Turkish freestyle wrestler

Selvi İlyasoğlu (born 11 October 2004) is a Turkish freestyle wrestler competing in the 62 kg division. She is a member of Beşiktaş J.K.

== Career ==
She won the gold medal by defeating Swedish Tindra Dalmyr 4-0 in the women's freestyle 57 kg final match at the 2021 World Cadets Wrestling Championships held in Budapest, Hungary. She had reached the final by defeating American Marina Cosme 6-0 in the first round, Mongolian Khaliun Byambasuren 4-3 in the quarter-finals and Russian Angelina Pervukhina 5-2 in the semi-finals. According to the statement made by the Turkish Wrestling Federation, Selvi İlyasoğlu is the first world champion Turkish athlete in cadets.

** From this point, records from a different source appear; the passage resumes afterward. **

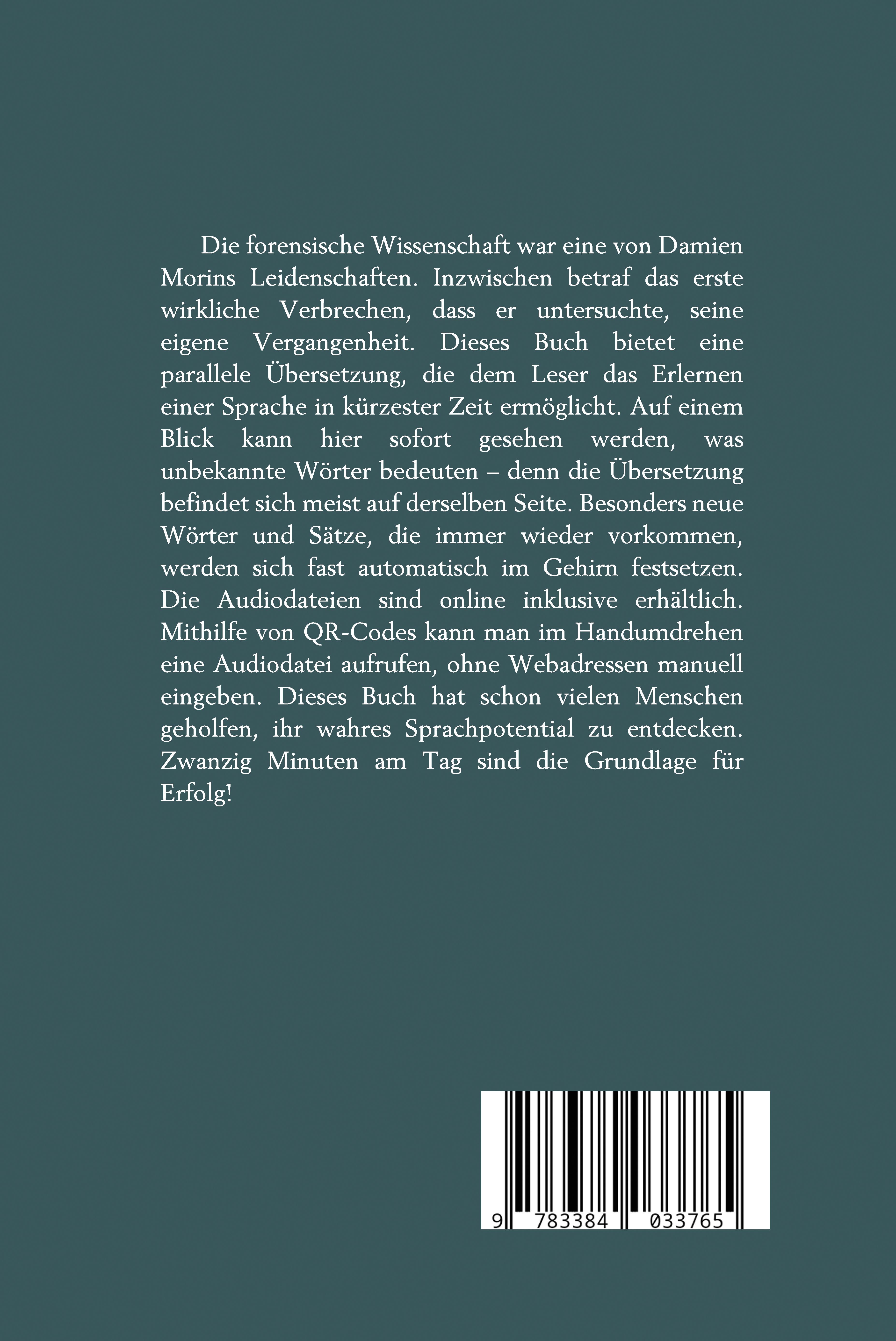 Die forensische Wissenschaft war eine von Damien Morins Leidenschaften. Inzwischen betraf das erste wirkliche Verbrechen, dass er untersuchte, seine eigene Vergangenheit. Dieses Buch bietet eine parallele Übersetzung, die dem Leser das Erlernen einer Sprache in kürzester Zeit ermöglicht. Auf einem Blick kann hier sofort gesehen werden, was unbekannte Wörter bedeuten - denn die Übersetzung befindet sich meist auf derselben Seite. Besonders neue Wörter und Sätze, die immer wieder vorkommen, werden sich fast automatisch im Gehirn festsetzen. Die Audiodateien sind online inklusive erhältlich. Mithilfe von QR-Codes kann man im Handumdrehen eine Audiodatei aufrufen, ohne Webadressen manuell eingeben. Dieses Buch hat schon vielen Menschen geholfen, ihr wahres Sprachpotential zu entdecken. Zwanzig Minuten am Tag sind die Grundlage für Erfolg!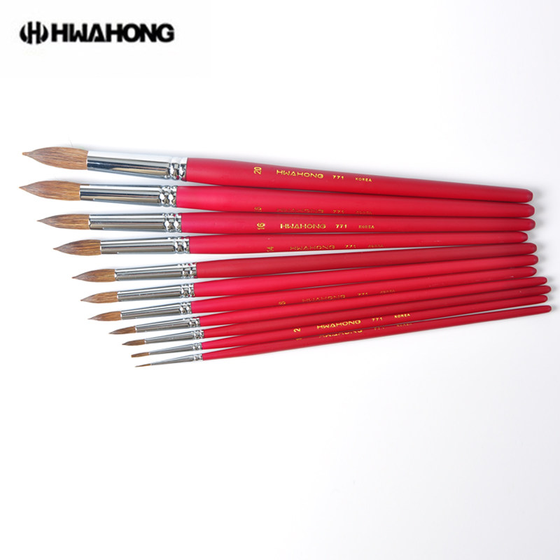 尖头 马鬃毛 771 韩国原产华虹hwahong圆头水彩画笔由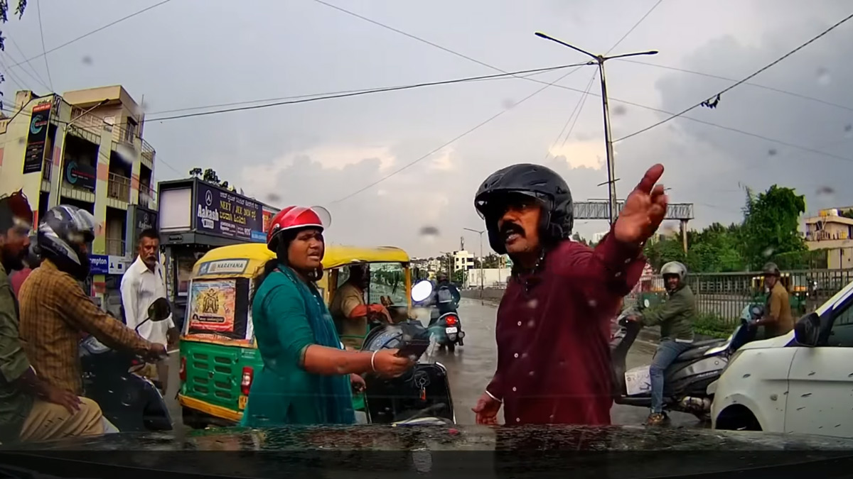 ഒരു മേൽപ്പാലത്തിന് സമീപം എത്തുമ്പോൾ വലിയ വെള്ളകെട്ടിലേക്ക് കാർ പോകുന്നതും പെട്ടെന്ന് വേഗത കൂട്ടുകയും വശങ്ങളിലുളള ബൈക്ക് യാത്രക്കാരുടെ ദേഹത്തേക്ക് വെള്ളം തെറിക്കുന്നതും കാണാം. പെട്ടെന്ന് ഇരുചക്രവാഹനക്കാർ ബഹളം വയ്ക്കുകയും വാഹനം നിർത്താൻ ആവശ്യപ്പെടുകയും ചെയ്തെങ്കിലും കാർ ഡ്രൈവർ വണ്ടി നിർത്തിയില്ല. എക്സ്ഹോസ്റ്റിൽ വെള്ളം കയറാതിരിക്കാനാണ് താൻ വേഗത്തിൽ നീങ്ങിയതെന്ന് ഡ്രൈവർ പറയുന്നത് കേൾക്കാം.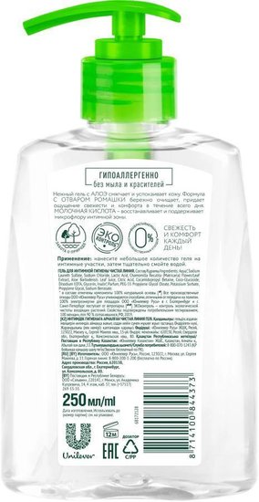 - Активные ингредиенты молочная кислота, алоэ, отвар ромашки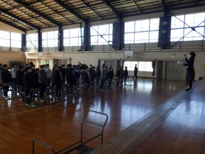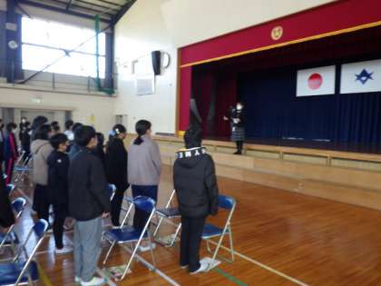 6年生は、3/20の卒業式で、5年生とともに校歌を歌う予定です。2/21の音楽の授業では、6年生全員が体育館に集まり、校長先生、音楽担当教師とともに、校歌の練習をしました。「ここは、クレッシェンドの記号だから、少しずつ大きくするよ」などの指導に合わせて、歌声を大きくしていきました。高音がとても澄んでいて、美しい歌声でした。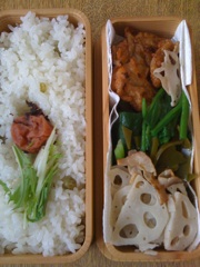 外出にも弁当 グルメ・クッキング X Facebook はてブ Pocket LINE コピー 2009.03.16 今日は仕事が休みですが弁当を持ち出すことにしました。 れんこん、ほうれん草、昆布、野菜ねりもの、梅干しなど。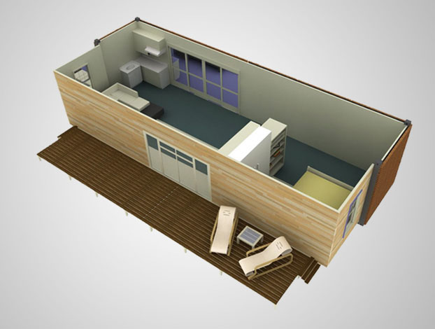 >> 使用三個全新的40英尺海運(yùn)集裝箱改裝而成;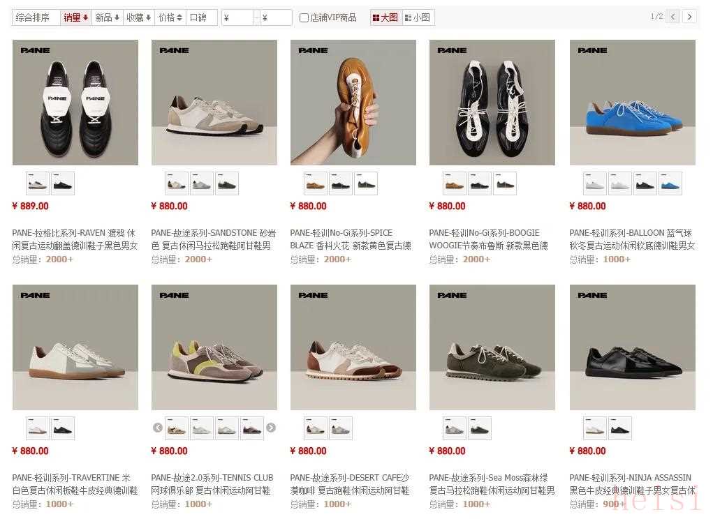 圖源:BREAD TREE 品牌官方 PANE PANE成立于2022年,PANE的風(fēng)格定位明確,主打復(fù)古運(yùn)動(dòng)風(fēng),雖然年輕但銷量很好。通過不斷嘗試和創(chuàng)新,PANE形成了自己的獨(dú)特的視覺風(fēng)格和產(chǎn)品線,定位獨(dú)特細(xì)化使其迅速在鞋履市場(chǎng)上嶄露頭角。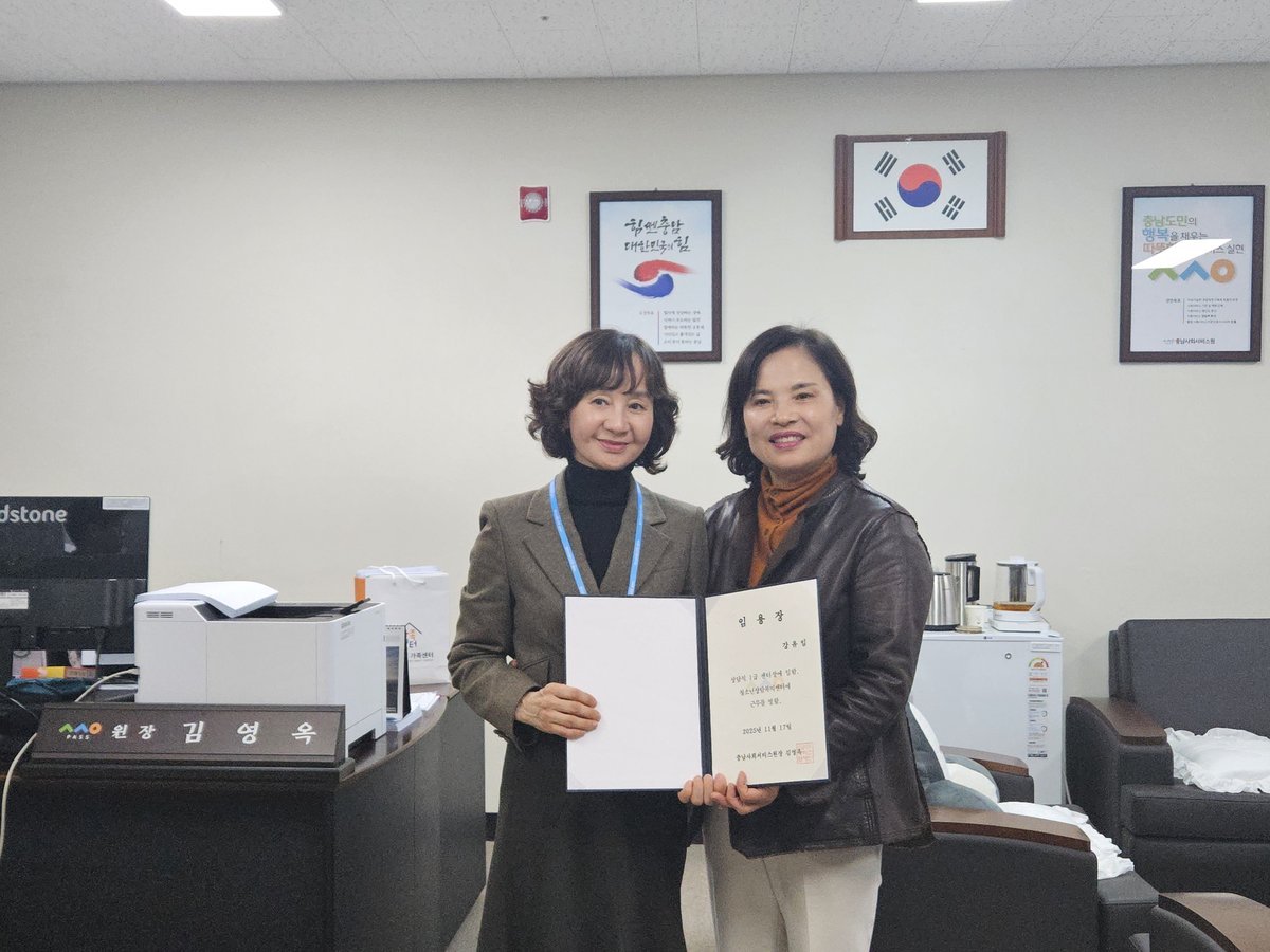 충남사회서비스원은 지난 11월 17일 강유임 센터장을 신임 청소년상담복지센터장으로 임용했다고 밝혔다.

She won one of the bronze medals by defeating German Luisa Scheel in the women's freestyle 62 kg third place match at the 2023 European Juniors Wrestling Championships in Santiago de Compostela, Spain.

Selvi İlyasoğlu reached the quarter-finals in the women's freestyle 62 kg category at the European U23 Wrestling Championships in Tirana, Albania, defeating Serbian Jovana Radivojević with a 10-0 technical superiority in the first round. In the quarter-finals, she lost to Amina Tandelova, who competed for Russia as an Individual Independent. Her opponent reached the final and qualified for the repechage. In the repechage match, she defeated Lithuanian Ineta Dantaitė with 11-0 technical superiority and in the bronze medal match, she defeated French Iris Thiebaux 5-3 and won one of bronze medals.

==Personal life==
İlyasoğlu is of Turkish Meskhetian origin.